Сибирский фронтир (СИ) - Фомичев Сергей
Шрифт:
Интервал:
Закладка:
Полосухины повернули к реке. Там, у самой кромки лайды, они держали собственные склады, хотя пользовались ими редко. Обычно товар сразу грузили в лодки и переправляли на корабль. Но теперь обветшалые сараи пришлось открыть, так как проводники отказались торчать на берегу дольше, чем занимает разгрузка. Как только караван встал, они засуетились, спеша освободить лошадей от поклажи. Как пояснил Коврижка, якуты не доверяли властям и справедливо опасались за судьбу животных, в случае если на них положат глаз охотники до дармового извоза.

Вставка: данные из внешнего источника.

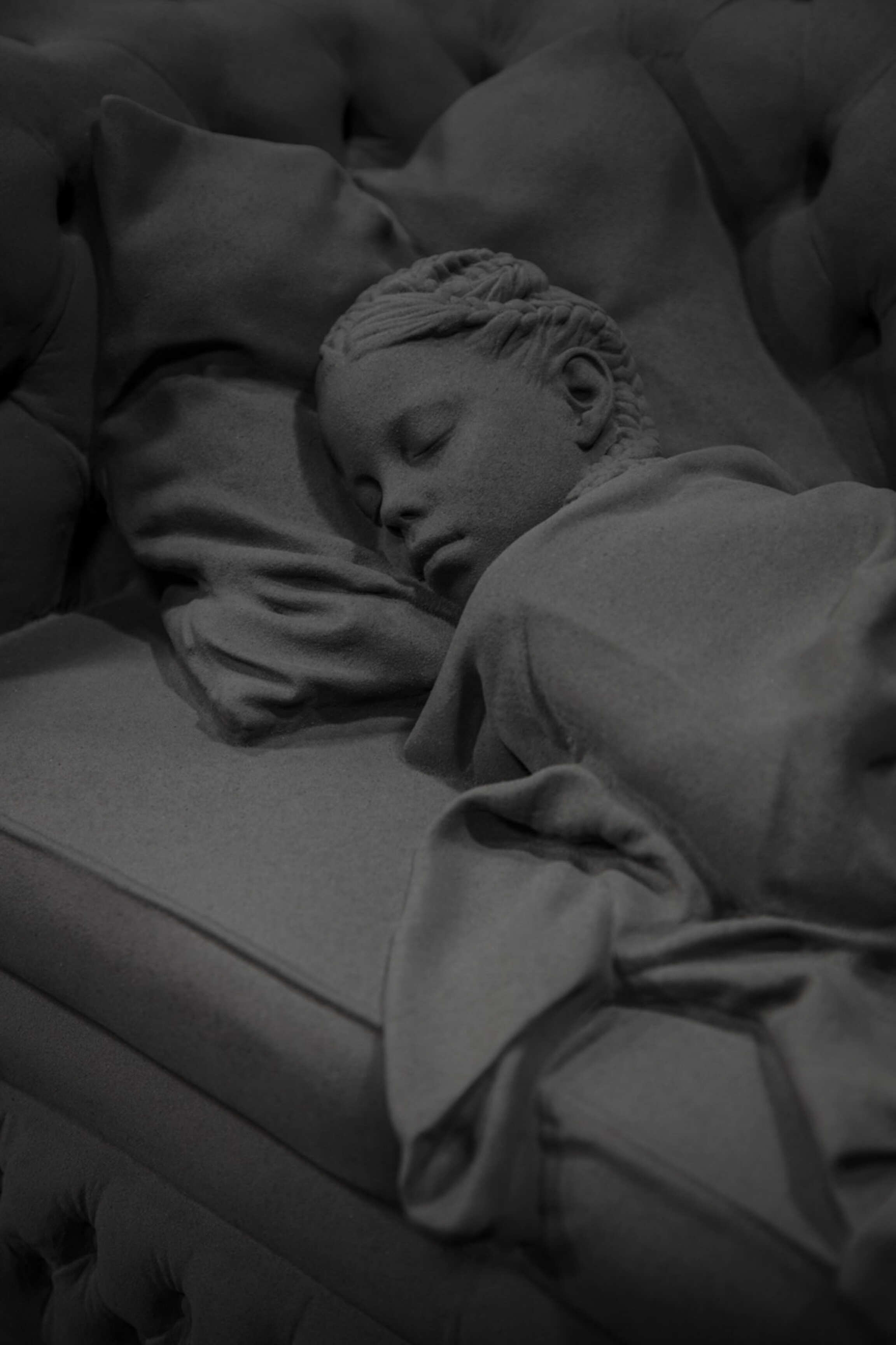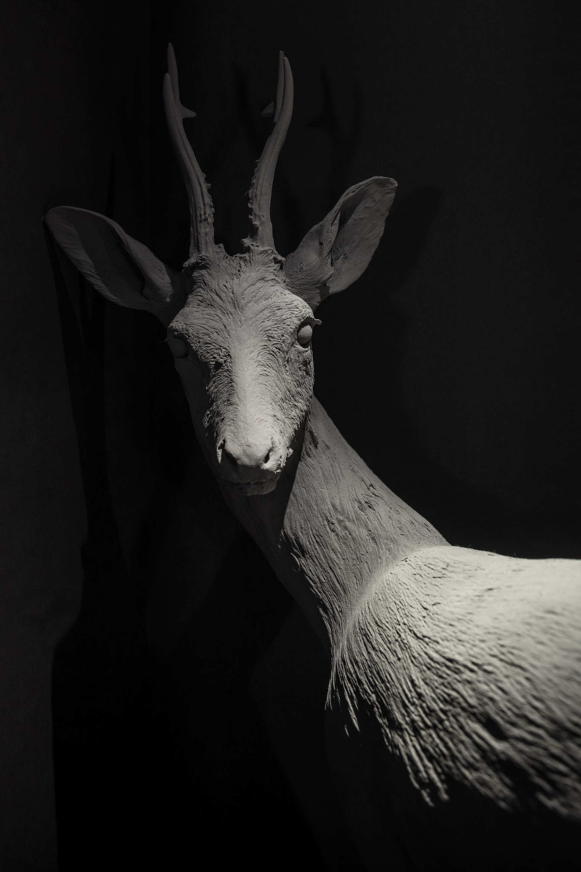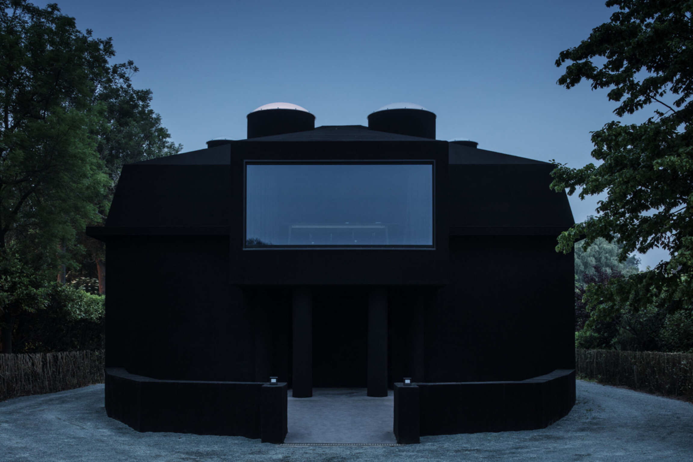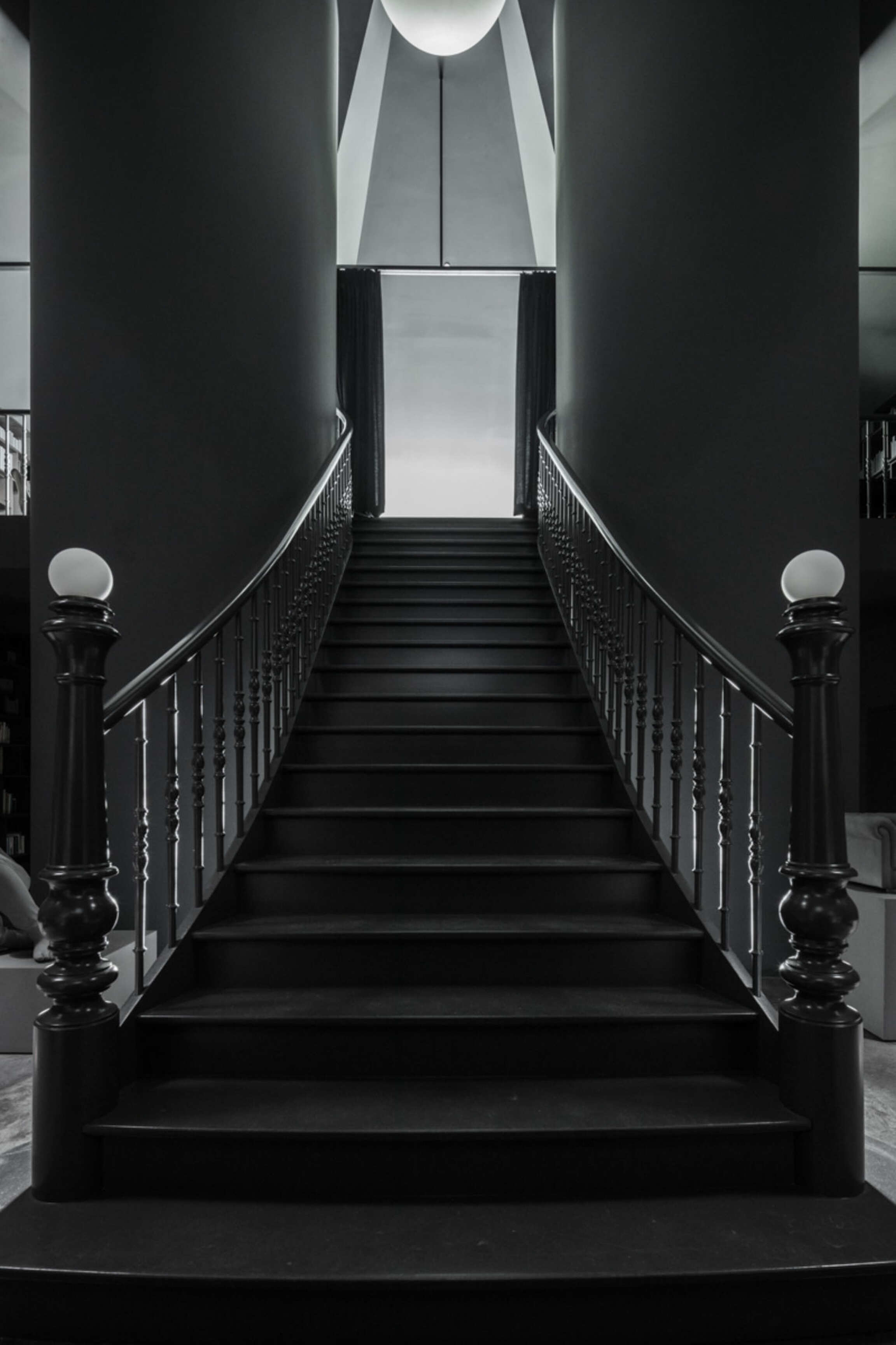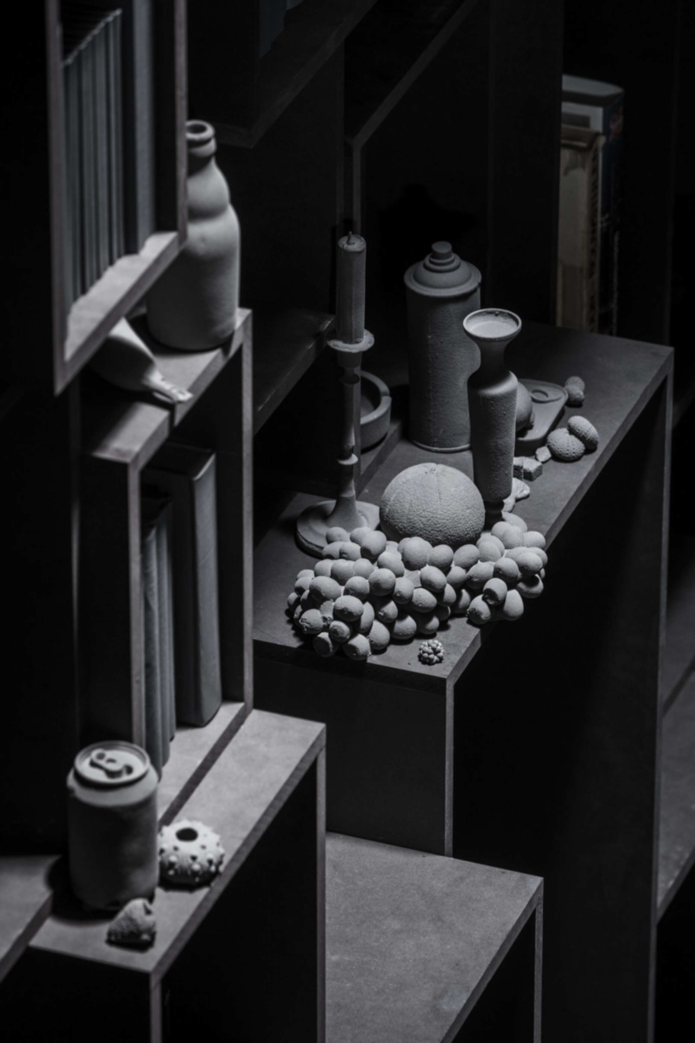 Through Op de Beeck's intervention, the original 'cottage' villa has become a true work of art. The black envelope abstracts the original, almost kitschy 'cottage' villa into a plastic, monumental sculpture in the idyllic Lys landscape. In turn, the monochrome gray interior that has been staged as a fictional 'wunderkammer' invites amazement and introspection. In the library, which covers the four walls from floor to ceiling, various rarities in the form of sculptures form a theatrical, almost cinematic setting for the 'real' collection of books Jan Hoet. In this Wunderkammer the experience of the viewer is central. The artwork resolutely aims at an immersive experience in which both the exterior and the interior enter into a dialogue with the surrounding environment, the coincidental passer-by and the visitor/resident.
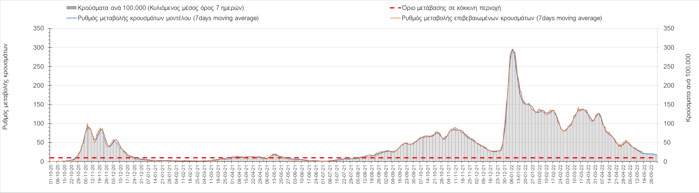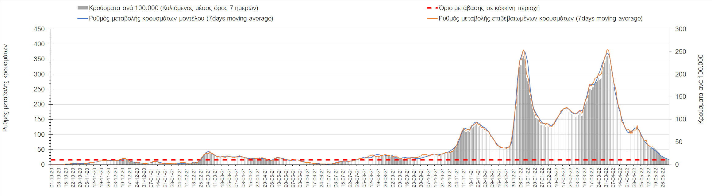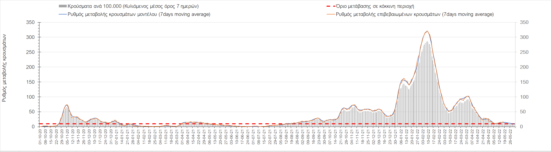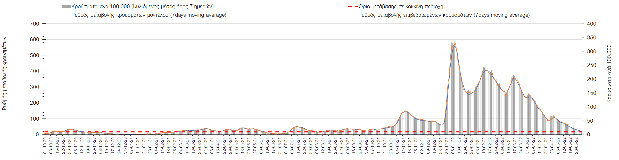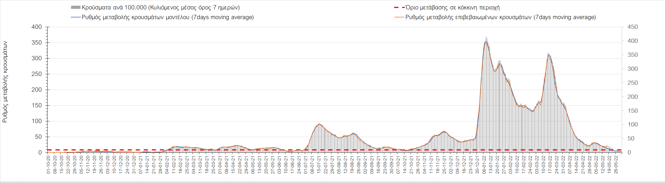 Συμπεράσματα: Με βάση τα σημερινά αποτελέσματα, σε σχέση με τη Δευτέρα, παρατηρήθηκε ίδιος αριθμός ασθενών σε κρίσιμη κατάσταση (διασωληνωμένοι σε ΜΕΘ) όπως επίσης και αριθμός θανάτων από COVID-19. Σε πανελλαδικό επίπεδο ο κυλιόμενος εβδομαδιαίος μέσος όρος του δείκτη θετικότητας διαμορφώθηκε στο 6,0% (η ημερήσια τιμή είναι 4,4%) ενώ ο κυλιόμενος εβδομαδιαίος μέσος όρος του πραγματικού αριθμού αναπαραγωγής Rt (δηλαδή ο αριθμός των ατόμων που ένας φορέας μπορεί να επιμολύνει) αυξήθηκε στο 0,94 (Rt κάτω από τη μονάδα υποδηλώνει καθαρή μείωση της διασποράς του ιού στην κοινότητα). Συνολικά, ο αριθμός των κρουσμάτων (όπως αποτυπώνεται στον κυλιόμενο μέσο όρο 7 ημερών) παραμένει υψηλός, και οφείλονταν αρχικά στις αυξημένες επαφές τις ημέρες του Πάσχα και του τριημέρου της Πρωτομαγιάς, έχοντας συντελέσει σε ανατροπή της πορείας αποκλιμάκωσης, ενώ η τωρινή προσωρινή αναστροφή, συντηρείται τόσο από την απώλεια ανοσίας λόγω της παρόδου μεγάλου χρονικού διαστήματος σε μεγάλο τμήμα του πληθυσμού τόσο από τον τελευταίο εμβολιασμό, όσο και από νόσηση, καθώς και από τη χαλάρωση των μέτρων σε συνδυασμό με την κατάργηση των self-test. Συνεπώς, ενώ πρακτικά η πτωτική πορεία έχει επανέλθει στις περισσότερες περιφερειακές ενότητες, υπάρχουν περιοχές στις οποίες παρατηρείται ξανά ανοδική πορεία, όπως η Μύκονος, η Σαντορίνη, αλλά εδώ και τρεις ημέρες και η Αττική. Σε αυτό το πλαίσιο δεν συνιστάται η άρση της υποχρεωτικής χρήσης μέτρων προσωπικής προστασίας όπως η μάσκα σε κλειστούς χώρους.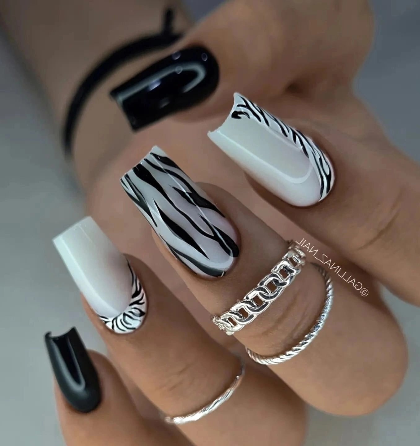 - универсальность: маникюр зебра подходит для любого возраста, стиля и события. Он может быть подходящим вариантом как для повседневного образа, так и для особых случаев. Этот дизайн привлекателен и в тренде.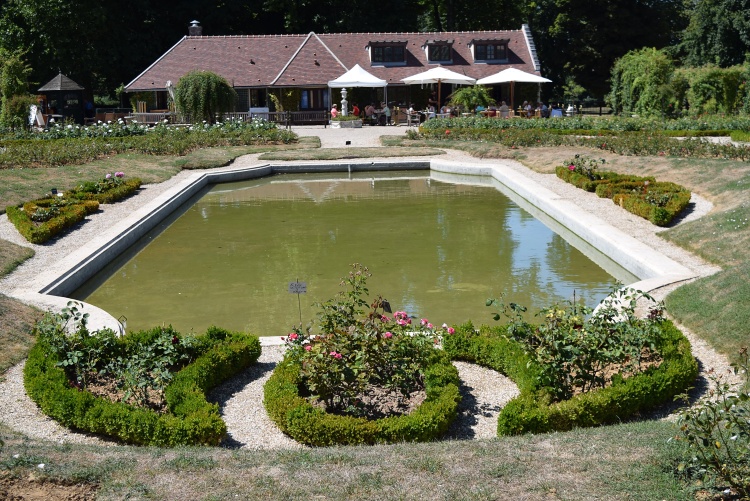 Ve střední části zahrady vytvořili architekti jezírko lemované na vzdálenějším konci kamennou zídkou s altánkem uprostřed. Kolem jsou vytvořeny záhony s vzácnými druhy růží.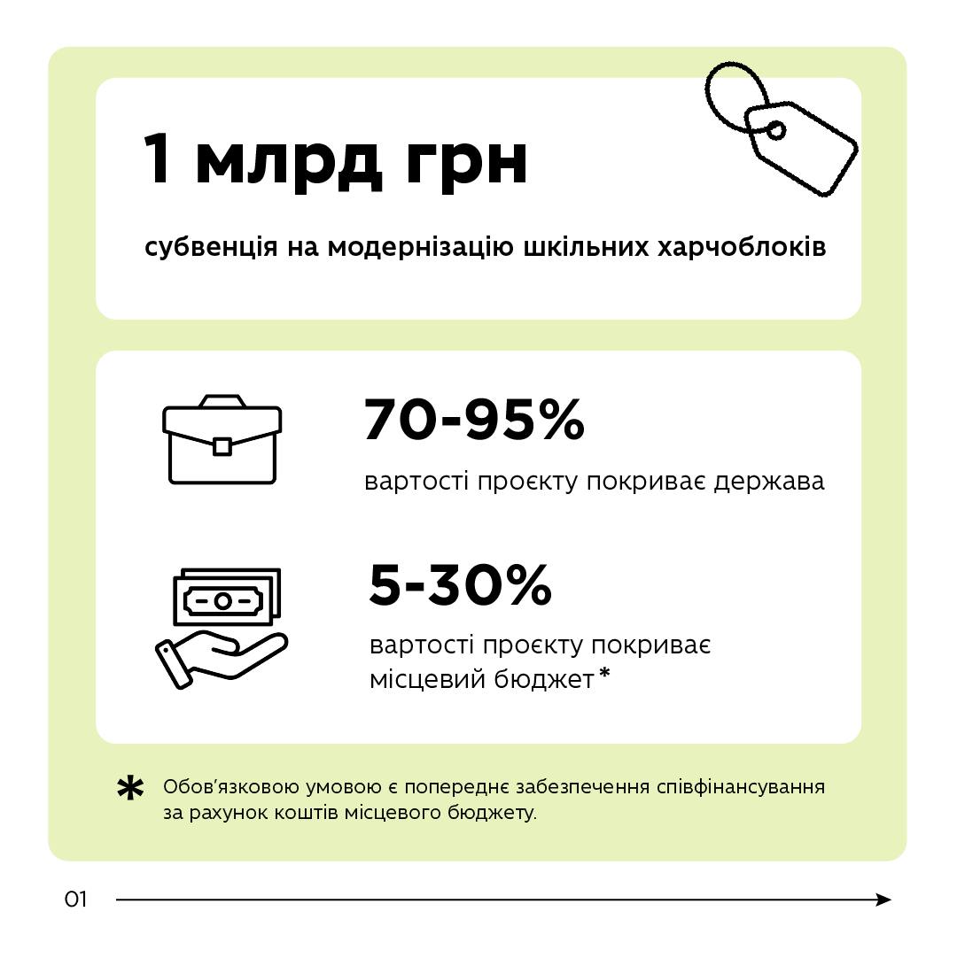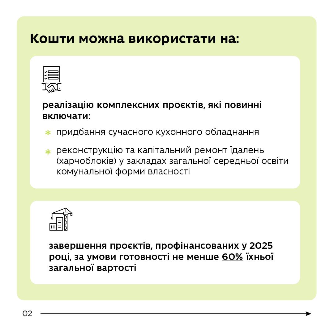 Субвенція спрямовуватиметься на реалізацію публічних інвестиційних проєктів, включених до галузевого проєктного портфеля держави, що відповідають програмі «Придбання обладнання, створення та модернізація їдалень (харчоблоків) закладів освіти». Кошти можна використати на: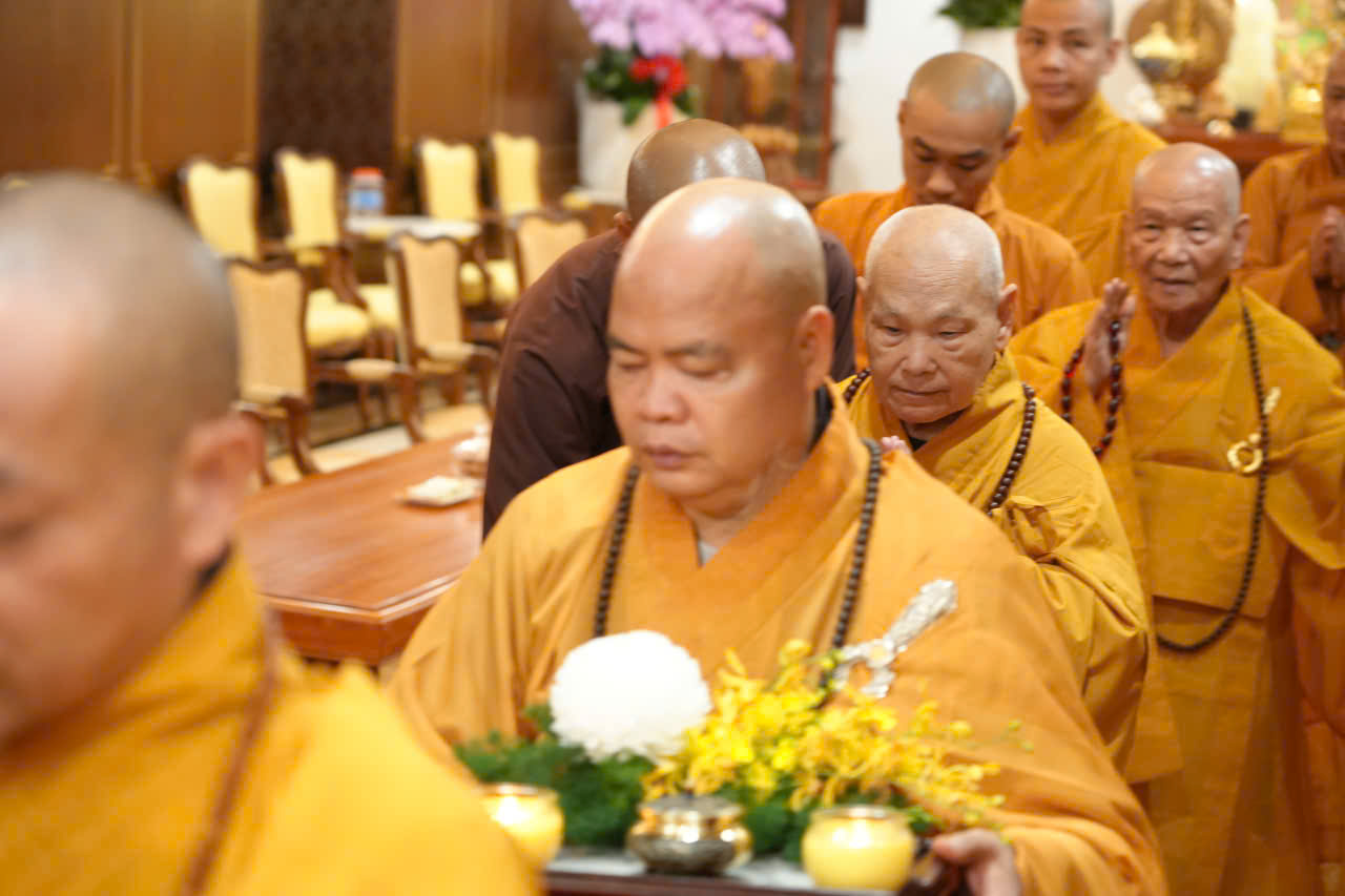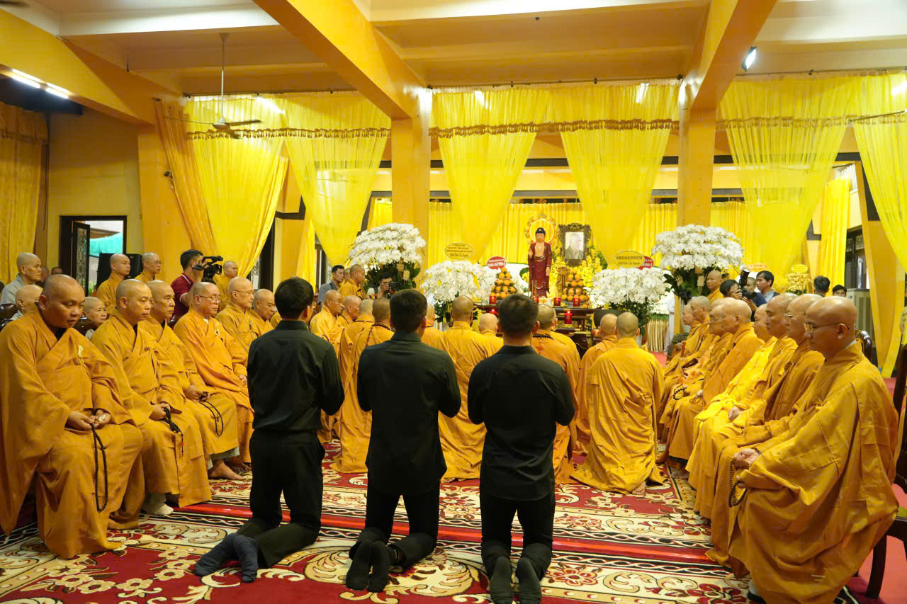 Hòa thượng Sám chủ cùng chư tôn đức Ban Nghi lễ đã thực hiện các pháp sự thỉnh Giác linh; sau đó cử hành lễ tiến linh và thành phục thọ tang, Tăng Ni môn đồ pháp quyến, Phật tử thọ tang trong niềm kính tiếc vô hạn.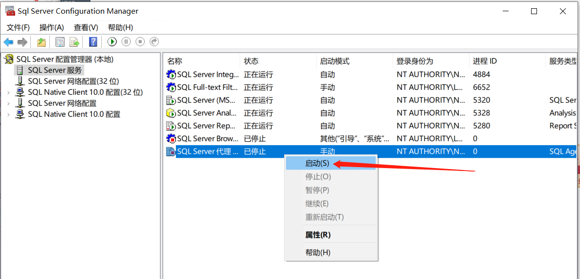 28、选择MSSQLSERVER,启动这个服务,然后就可以的登陆。

Пока товар перегружали под навесы, я осмотрелся вокруг. Охотск по–прежнему не выглядел морским портом, тем более воротами империи. Обычный городок, каких полно на Волге или на Днепре или на любой другой русской реке. Лишь сопки, скрывающие вершины в тумане, нарушали образ русской равнины, а слабый йодистый запах и едва различаемый шум прибоя намекали на близость моря, которого я так и не разглядел.
Внимание привлёк длинноволосый человек лет тридцати, который появился возле складов одновременно с нами, а может даже чуть раньше. Он вертелся среди проводников, лошадей и кулей, будто лисица на подступах к птичнику и, судя по беспокойному виду, бросаемому на братьев, хотел о чём–то расспросить их, но не решался заговорить первым.
– Как жизнь, Данила? – видимо зная всех старожилов по именам, спросил Иван.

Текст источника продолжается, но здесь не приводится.